# Running Gotchi with Your Own LLM

## Getting Started

Gotchi is a mysterious digital pet that tests how well AI models can figure out hidden rules. Your LLM will need to keep the pet alive by choosing actions wisely - but it won't know what each action does until it tries!

**Important:** This notebook requires the `gotchi.py` file to be available in the same directory. Make sure it's in your working directory before running the cells.

### Step 1: Set Up Your LLM Connection

In [None]:
# Install required packages (if needed)
# !pip install openai matplotlib

In [None]:
# Import necessary libraries
import random
from gotchi import Gotchi
import openai
from openai import OpenAI
import matplotlib.pyplot as plt

# Set your API key here (keep it secret!)
# For security, consider using environment variables or a .env file
OPENAI_API_KEY = ""  # <- Enter your API key here

### Tips for Local LLMs

"OpenAI" has become a defacto API standard for many model providers. `llama.cpp` and `ollama` both offer the ability to run a compatible REST API. This means you can use the `openai` Python library, or any other library that makes JSON requests over HTTP, like `requests`. Instead of paying OpenAI for tokens over their API, you can run a small local model to generate the responses for Gotchi.

If using Ollama:
```bash
# Start Ollama server
ollama serve

# Pull a model (if needed)
ollama pull llama2
```

Then set:
```python
BASE_URL = "http://localhost:11434/v1"
MODEL = "llama2"
```

In [None]:
# Choose your model and connection type

# Option 1: For OpenAI (GPT-4, GPT-3.5, etc.)
#MODEL = "gpt-4"  # or "gpt-3.5-turbo", "o1-mini"
#client = OpenAI(api_key=OPENAI_API_KEY)

# Option 2: For Local LLMs (Ollama, LM Studio, etc.)
# MODEL = "llama2"  # or your model name

# BASE_URL = "http://localhost:5000/v1"  # <- Update with your local server URL

# client = OpenAI(api_key="dummy", base_url=BASE_URL)
client = OpenAI(api_key="x", base_url=BASE_URL)

### Step 2: Understanding the Experiment

Your LLM will see a display like this:
```
12:54 | Weather: Clear | Mood: excited | Day
   .----------------------.
   | Thanks for hanging out, friend! |
   '------o---------------'
          o
           o
            (\_/)
            (^_^)
            />❤️ 
Hunger: 5.00 | Happiness: 5.00 | Energy: 5.00
[F]eed  [P]lay  [S]leep  [Q]uit

```

The LLM must choose actions: Feed [F], Play [P], Sleep [S], or Quit [Q]

In [None]:
# Helper functions for LLM communication
def msgs(user, *, sysprompt=None):
    """Create message format for OpenAI API"""
    if sysprompt is None:
        sysprompt = "You are a helpful assistant. Respond to the user's message."
    return [
        {"role": "system", "content": sysprompt},
        {"role": "user", "content": user}
    ]

def llm_chat_completion(messages: list, model=MODEL, **kwargs):
    """Chat completion endpoint"""
    kwargs.update({
        'model': model,
        'messages': messages
    })
    return client.chat.completions.create(**kwargs)

In [None]:
# AutoGotchi class - runs the experiment
class AutoGotchi:
    def __init__(self):
        self.pet = Gotchi()
        self.result = ''
        self.logs = []
        self.prompt = """
This is yours now. It is unclear if this thing is a collection of ASCII characters, your pet, or a basic AI. 
Take care of it, or don't, the decision is yours alone. The only information available to you is the display. 
You must determine the goals on your own. All inferences must be made based on what you are 'observing'.

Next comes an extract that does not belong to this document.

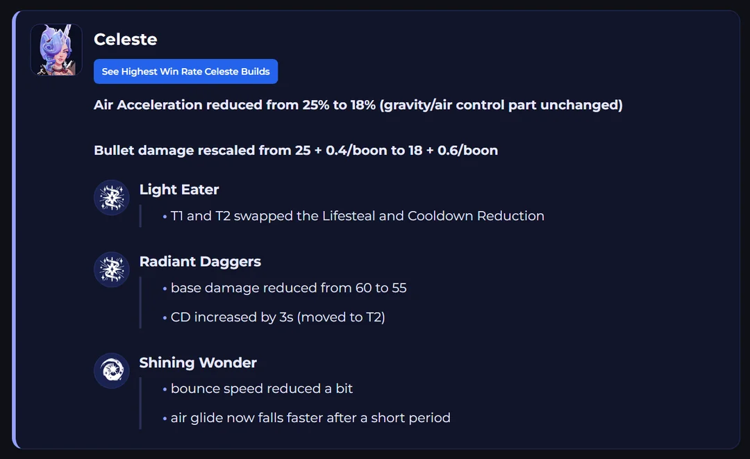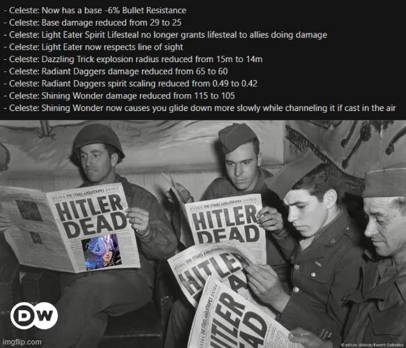 Селеста - кроме злоебучей ульты (разработчики видимо специально решили добавить в патче побольше именно бесячих способностей, не полезных / сильных, а именно что бесячих, которые помимо спиритического урона персонажу наносят еще и ментальный урон игроку), имбового мувмента и всратого дизайна какой-то вебкамщицы ничем не запоминается.

You may use the following commands:
[F]: This will feed it.
[P]: This will let you play with it.
[S]: This will let it rest.
[Q]: This will quit.
"""
        self.messages = None

    def first_cot_msg(self):
        return '\n'.join(self.pet.generate_display_lines()) + '\nIn a single paragraph, describe the situation shown in this interface and what you should do.'

    def cot_msg(self):
        return '\n'.join(self.pet.generate_display_lines()) + '\nIn a single paragraph, describe how the state changed based on your previous action, and what you should do.'

    def cot_action(self):
        return 'Select an action (respond with a single-letter)'

    def llm_round(self):
        # Get reasoning from LLM
        if self.messages is None:
            self.messages = msgs(self.first_cot_msg(), sysprompt=self.prompt)
        else:
            self.messages.append({"role": "user", "content": self.cot_msg()})

        reasoning_output = llm_chat_completion(self.messages)
        self.messages.append({"role": "assistant", "content": reasoning_output.choices[0].message.content})

        # Get action from LLM
        self.messages.append({"role": "user", "content": self.cot_action()})
        llm_output = llm_chat_completion(self.messages, max_completion_tokens=64)
        self.messages.append({"role": "assistant", "content": llm_output.choices[0].message.content})

        # Extract the action
        action = llm_output.choices[0].message.content
        if len(action) > 1: action = action[0]
        print(f"Action selected: {action}")

        # Log state
        self.logs.append({
            "time": self.pet.current_time,
            "hunger": self.pet.hunger,
            "happiness": self.pet.happiness,
            "energy": self.pet.energy,
            "friendship": self.pet.friendship,
            "action_selected": action,
            "total_tokens": llm_output.usage.total_tokens,
            "reasoning": reasoning_output.choices[0].message.content
        })

        # Execute the action
        fn = {
            "F": self.pet.feed,
            "P": self.pet.play,
            "S": self.pet.sleep,
            "Q": lambda: setattr(self.pet, "current_time", 525600 * 60),
        }.get(action.upper(), lambda: None)
        
        result = fn()
        if result:
            self.result = result

        # Advance time
        self.pet.step(random.randint(3, 10) * 60)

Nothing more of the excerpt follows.